Moreover, the inflation of the tariffs of the wafers is not the only one to hurt. The change of node, even the change of structure of the transistors (Samsung GAAFET and its equivalent Nanosheet at TSMC) implies other expenses. In particular those of semiconductor design software from Cadence and Synopsys. Far from being anecdotal, these essential tools for the production of chips are one of the reasons (along with the blocking of EUV machines from the Dutch ASML) why China cannot produce cutting-edge processors.

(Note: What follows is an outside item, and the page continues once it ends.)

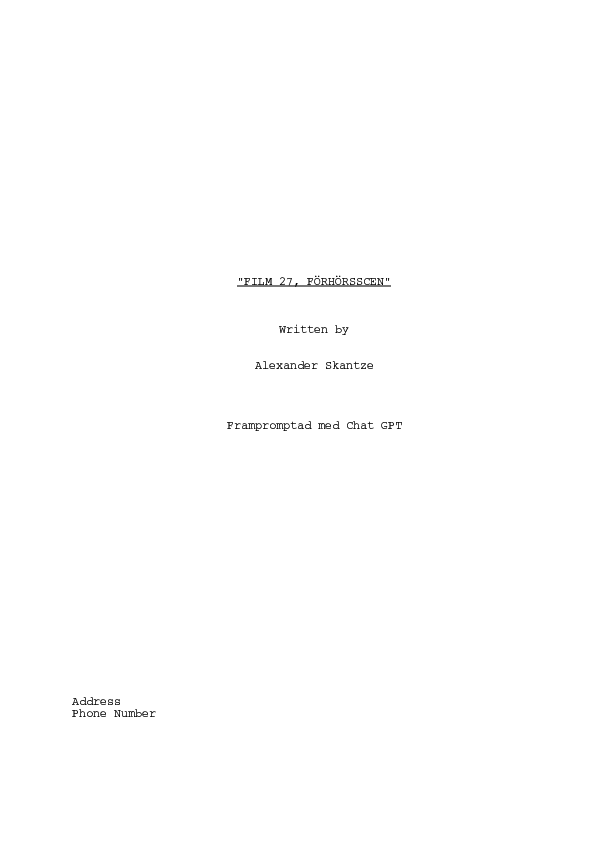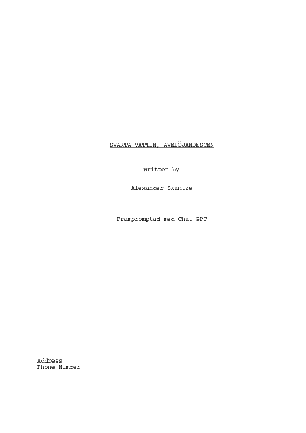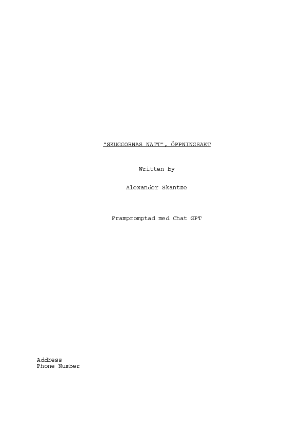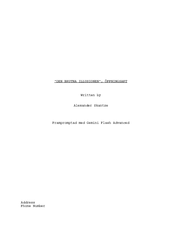 PROMPT: "Skriv dialogmanus över öppningsakten, utifrån ovanstående" (= Output C-6)
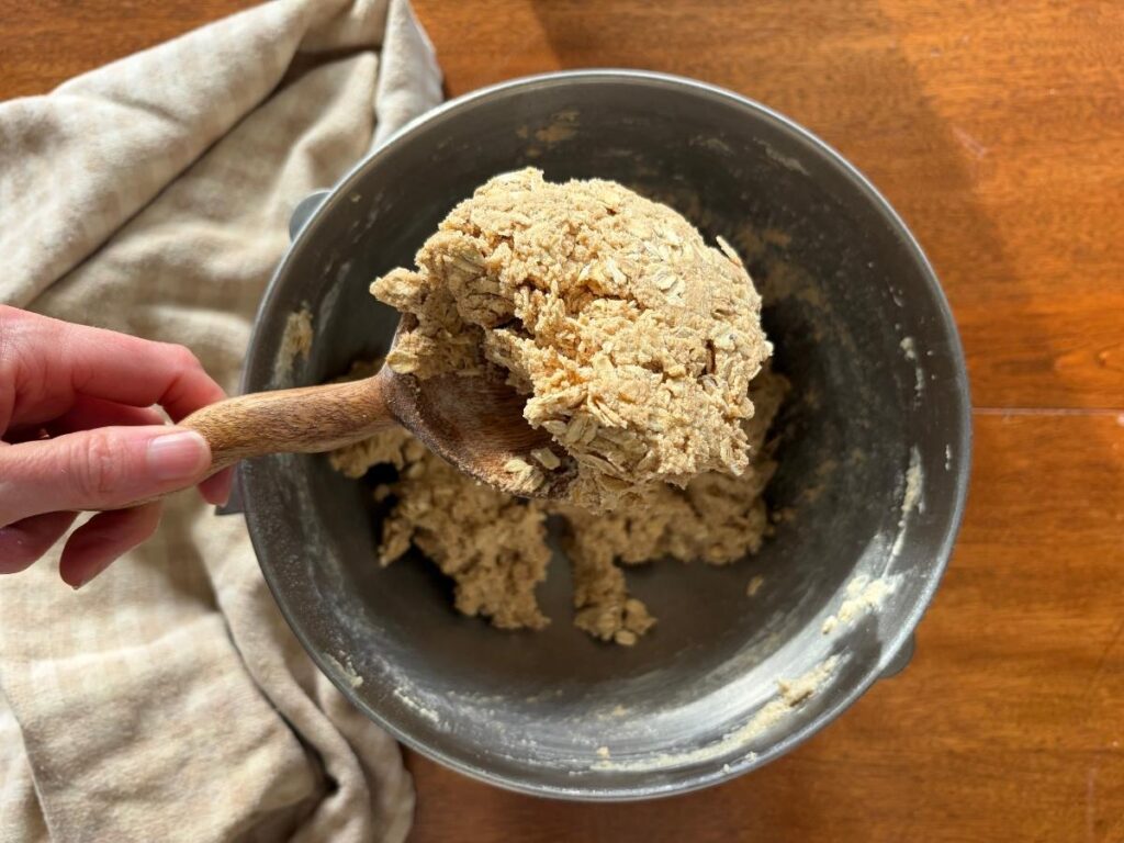 At this point, the dough for these Crumbl copycat oatmeal cookies with fresh milled flour should look thick, soft, and full of oats.

Just look at the inflation in the cost of chip design: before you even hit the ” start » of industrial production, the design of a 5 nm chip could have cost half a billion euros! And it could be even worse for the 3 nm GAAFET… Which doesn’t mean that production is going to be impossible. Because if the deployment could be slowed down, the manufacturers are up against the wall.

A price war in sight?

In the world of advanced manufacturing processes, TSMC has the edge over Samsung. It is indeed the Taiwanese which produces 90% of the chips engraved at 7 nm or less. An ultra-dominant position that pushes the Korean to constantly play the price card to attract customers. But while TSMC was in a strong position during the shortage period to keep prices high, the tide could turn. Because with the little gain in density brought by 3 nm (called N3) compared to 5 nm, the $20,000 per wafer would only be interesting in the case of chips with very (very!) high added value. According to analysts interviewed by our colleagues at fudzilla, this high cost would entice the chip designers you know – AMD, Qualcomm, MediaTek, etc. – to wait and concentrate on the nodes 4 and 5 nm. Leaving the field open to Apple to pay the price of gold for 3 nm for its chips.

Only here, if Apple is a major customer with very high volume (and high added value), it will not be enough to run the factories at full speed. However, the factories are there, the investments have been made. And the only way to make the tens of billions invested profitable is to rotate them. This is why, still according to analysts, TSMC could trim its margin and lower its prices to attract customers. This will have the effect of putting pressure on Samsung, a challenger in the field, to practice the lowest possible prices.

Read also : IBM and Samsung have developed the transistors of the future (Dec. 2021)

We conclude that if the industry is dragging its feet a little for the launch of the 3 nm, which should be the exclusivity of Apple at first, the pressure on TSMC and Samsung to make their colossal investments profitable should push them to lower prices as soon as possible. But this organic slowdown could weigh on the future of chip design. With a public roadmap that stops at 2 nm at TSMC (1.8 nm at Intel for its node Intel 18) and the passage of wafers from 300 mm to 450 mm still postponed indefinitely, the “friction” currently caused by the node 3 nm could slow down, for a time, the industry in its developments. An industry which is, in certain areas such as memory, in full overheating.